"Ye will acknowledge, John, that I have never hindered you when the call came." As she spoke Jean took his flowing hair in her hand, and he had never seen her so gentle before, for indeed she could not be called a soft or tender woman.

"Ye told me what would be the way of life for us, and it has been what ye said, and I have not complained. But this day I wish to God that ye could have stayed, for when my hour comes, and it is not far off, ye ken I will miss you sairly. Other women have their mothers with them in that strait, but for me there is none; naebody but strangers. If ony evil befall thee, John, it will go ill with me, and I have in my keeping the hope of your house. Can ye no bide quietly here with me and let them that have the power do as they will in Edinburgh? No man of your own party has ever thanked you for anything ye did, and if my mother's people do their will by you, I shall surely die and the child with me. And that will be the end of the House of Dundee. Must ye go and leave me?" And now her arm was round him, and with the other hand she caressed his face, while her warm bosom pressed against his cold, hard cuirass.

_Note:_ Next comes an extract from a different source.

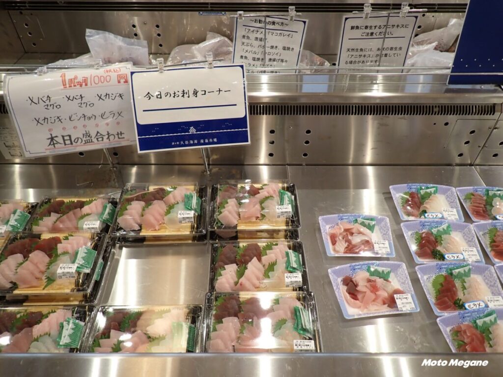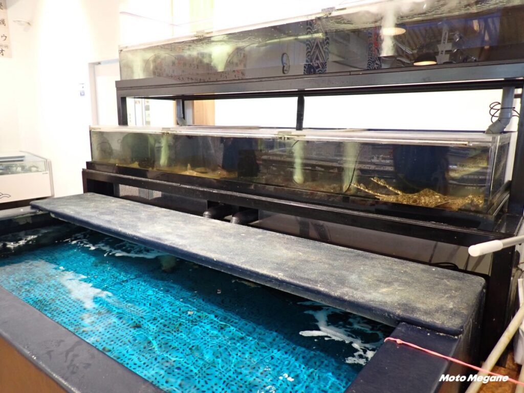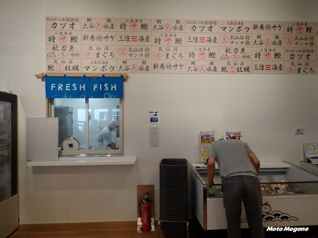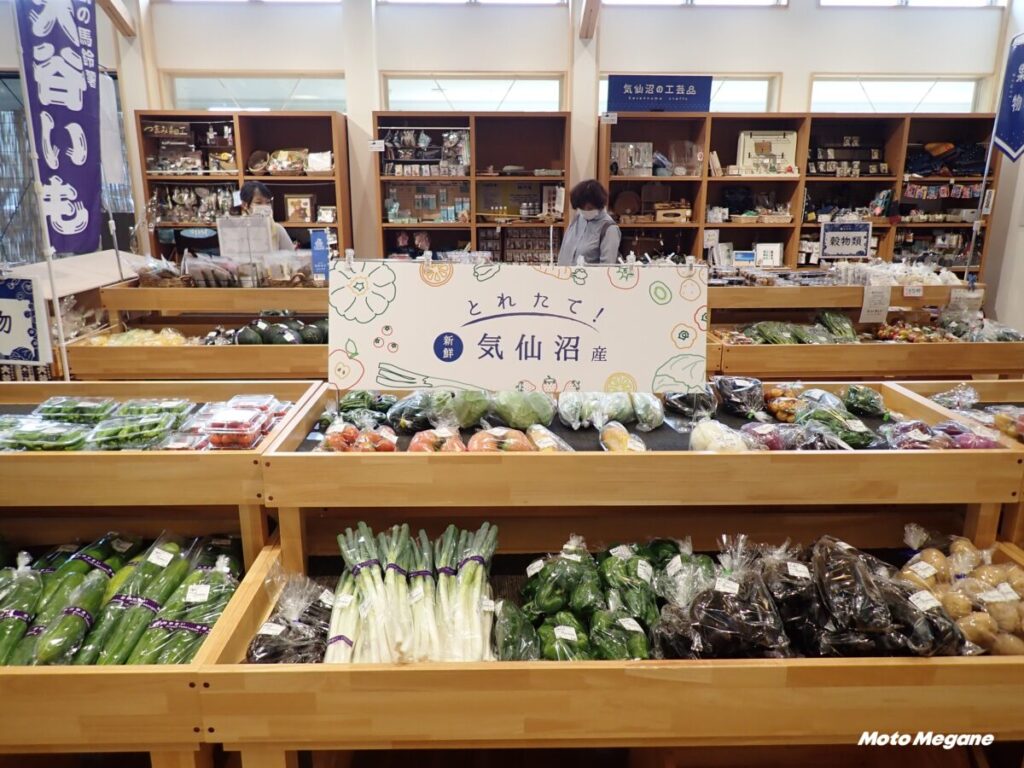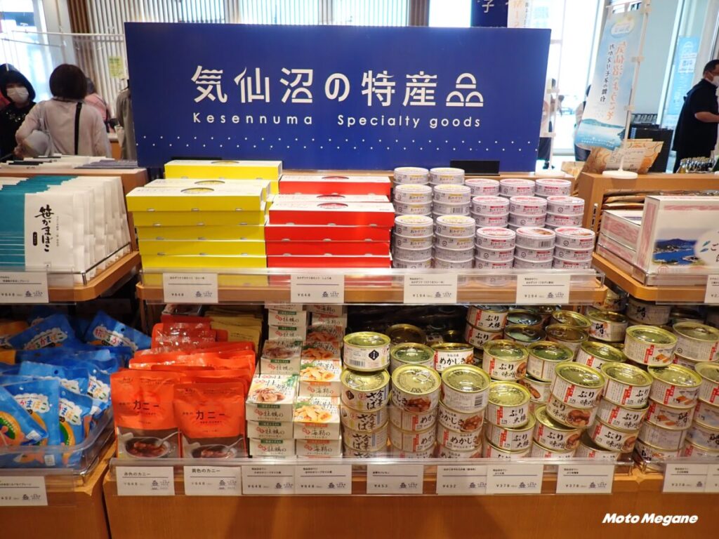 道の駅は「オール気仙沼」をテーマに、気仙沼産の食材や特産品などを豊富に取り揃える。産直市場では、地場の新鮮野菜や海産物、お土産品や地場食材を使った手作りの弁当などがぎっしりと並び、店内に設置される水槽では活魚も販売している。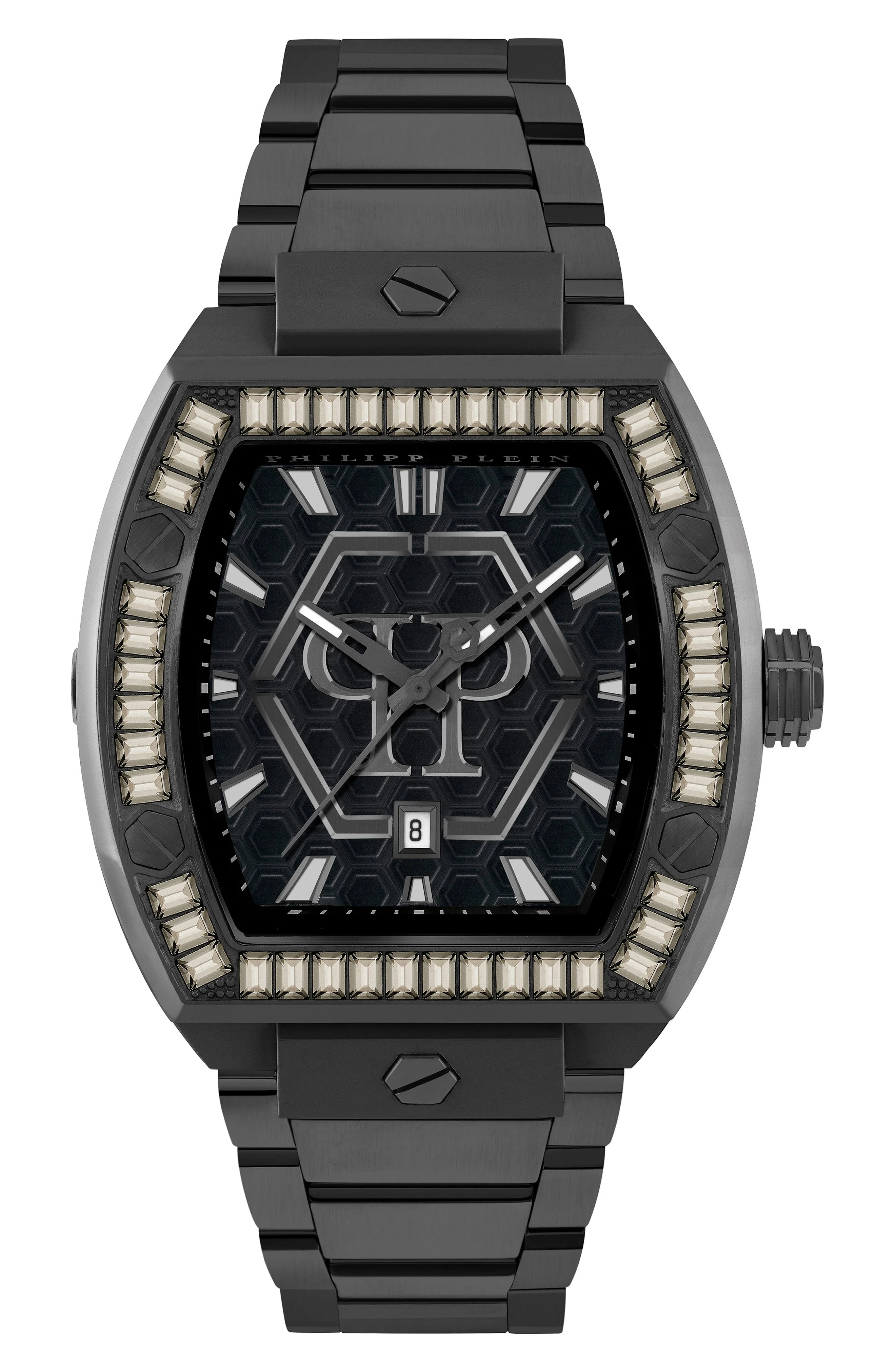 Layers and levels of hexagons—the brand's iconic framing of its logo—haunt the dial and the screws around the tonneau case on this sleek Phantom version of the Hexagon watch.Measurements: 44mm x 56.2mm case; 13.65mm case depth; 18.5mm band width.Strap/closure: Bracelet strap with deployant clasp closure.Movement: Three-hand Japanese quartz movement. Quartz movement: powered by a battery and features an internal electrical circuit to control the rate of the watch's ticking.Complications: Date window.Other features: 44-crystal bezel; hexagon-guilloche dial; Super-LumiNova® hands and markers; screw-in caseback.Face: Mineral crystal face. Stainless steel/black ionic plate/glass Made in Japan

"Queensberry, for the liar he always was, said ye would be my Delilah, Jean, but that I knew was not in you," said Dundee, smiling sadly and stroking the proud head, which he had never seen bowed before.

"You are, I believe in my soul, the bravest woman in Scotland, and I wish to God the men on our side had only had the heart of my Lady Dundee. With a hundred men and your spirit in them, Jean, we had driven William of Orange into the sea, or, at the worst, we should certainly save Scotland for the king. Well and bravely have ye stood by me since our marriage day, and if I had ever consulted my own safety or sought after private ends, I believe ye would have been the first to cry shame upon me. Surely ye have been a true soldier's wife, and ye are the same this morning, and braver even than on our wedding day.

"Do not make little of yourself, Jean, because your heart is sore and ye canna keep back the tears. It is not given to a man to understand what a woman feels in your place but I am trying to imagine, and my love is suffering with you, sweetheart. I do pity you, and I could weep with you, but tears are strange to my eyes--God made me soft without and hard within--and I have a better medicine to help you than pity." Still he was caressing her, but she felt his body straightening within the armor.